Saturday, 13 November 2010


Editing should feel like an old friend, standing by your side telling it like it is. And, just like most old friends, love 'em though we do, we don't want them there 24/7. They should drop in for a coffee and leave again before you have to hint you're busy. Ed's just the same. Although he knows he'll be needed even at the stage where ideas tumble about the brain, nudging each other aside in the hope they’ll get chosen, you honestly don't want him peering over your shoulder until you've got them all down in the raw.

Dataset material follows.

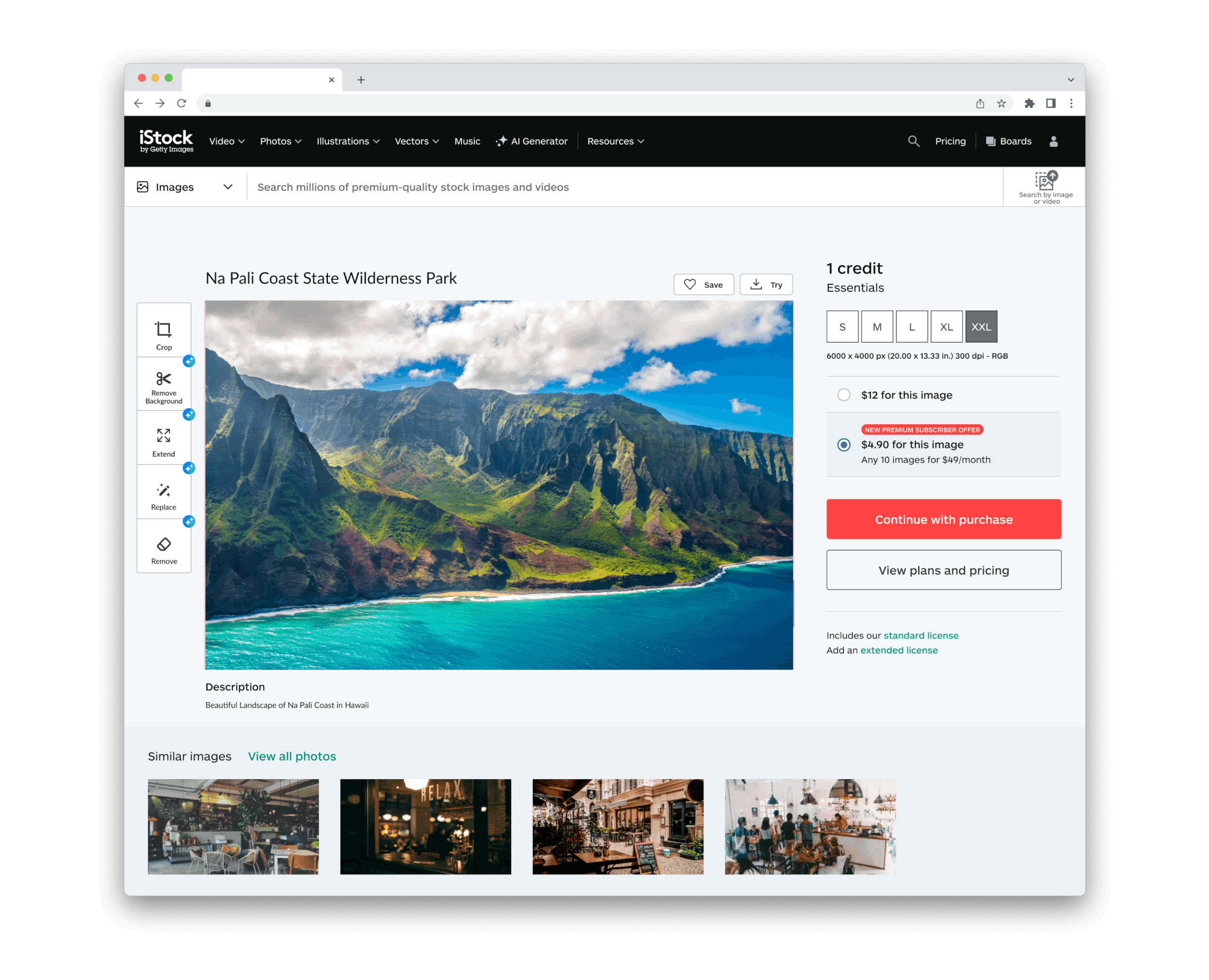iStock is a stock media platform offering a wide range of high-quality photos, videos, illustrations, and music for creative professionals. In addition to its traditional content, iStock offers a relatively new AI subscription that provides access to AI-generated images and design assets, enabling users to create custom content through an AI generator console.

You're scribbling down every thought that comes - filling your notebooks, Word files, diaries, backs of till receipts - it's all pouring out, but there comes a time when you have to chose which of these bits and bods to develope. And there he is, Ed, whispering...‘chose the ones you think will work.’

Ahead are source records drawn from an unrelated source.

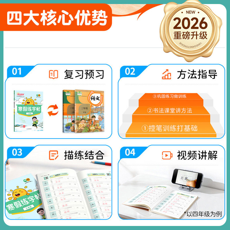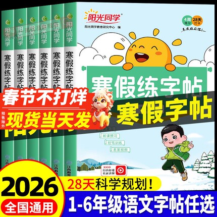 2026新版阳光同学寒假练字帖一二三四五六年级语文人教版小学寒假衔接训练作业上下册寒假阅读口算专项训练生字描红同步练习册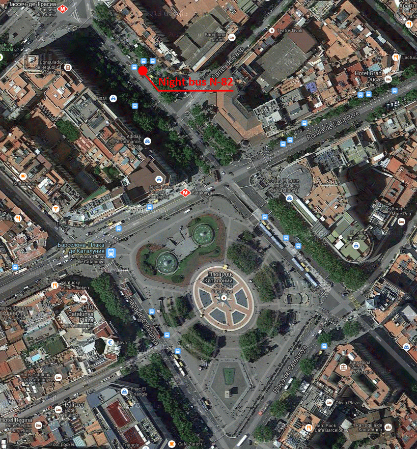 Схема остановки ночного атобуса N82. Баселона, площадь Каталонии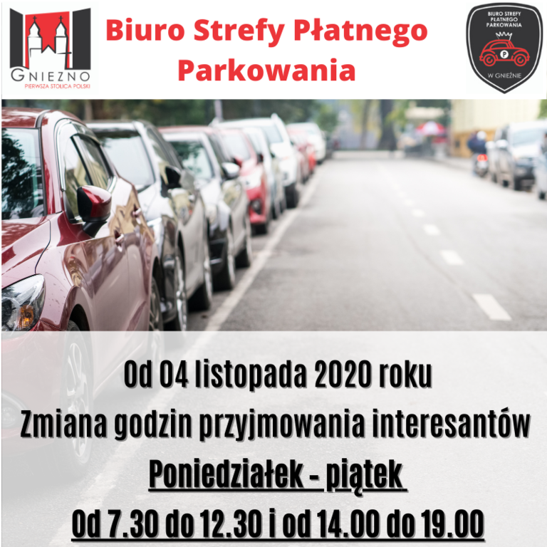 Od 4 listopada 2020 roku wprowadzone zostają nowe godziny przyjmowania interesantów w Biurze Strefy Płatnego Parkowania w Gnieźnie: poniedziałek - piątek, 7.30-12.30 oraz 14.00 do 19.00.

With any luck, Ed will help you chose a workable idea, but it’s not going to flow out of you, word perfect.  So close the front door on him, or leave him mooching over his beer in the pub and get that first draft finished. Naturally, this draft has a ton of hitches. So when you've got a first draft down, give Ed a call, so that he can appear to give you a hand.

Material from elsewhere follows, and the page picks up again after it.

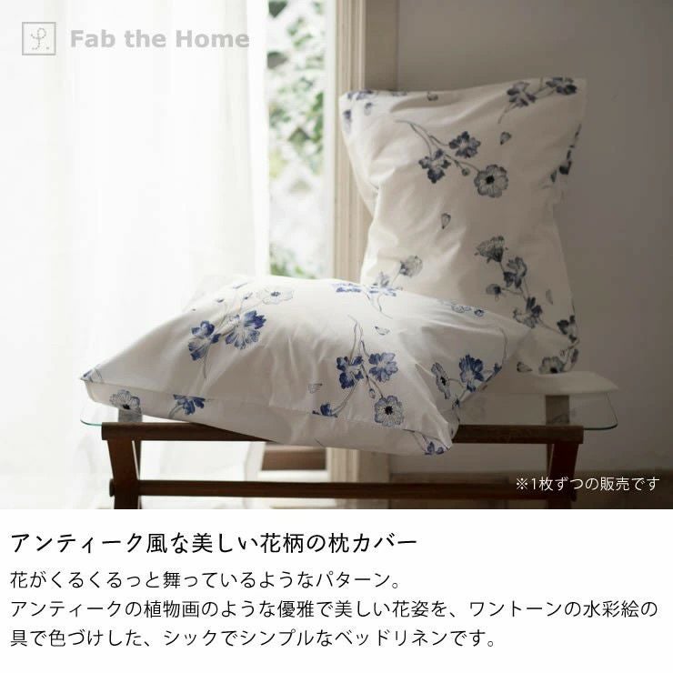 アンティークの植物画のような優雅で美しい花姿を、ワントーンの水彩絵の具で色づけした、シックでシンプルなベッドリネンです。

Sometimes I prefer to think of Ed as my friendly roadside breakdown mechanic, checking the brakes and the the plot going in the right direction? Do the characters’ motivations work? Have you got the right point of view? Sometimes – and I promise I’ll drop the analogy after this – you have to hang the expense go for a new model, because Ed is telling you this version is too costly to fix.

Finally, you have a good draft. ‘Don’t think,’ says Ed, ‘that all you have to do now is tinker – cross out adverbs...check for clichés. Dear me no.’
So you ask...should I have more or less dialogue? Should I have more or less scenes? Is there a strong narrative trajectory that pulls the reader along? Is my protagonist likeable – or at least intriguing? Do I use all five senses? Does the beginning jump up and bite? Does the middle sag? Does the end make you sigh?
Ed’s at your shoulder again. He’s reminding you to do that final proofread. Get rid of typos imbedded in the text.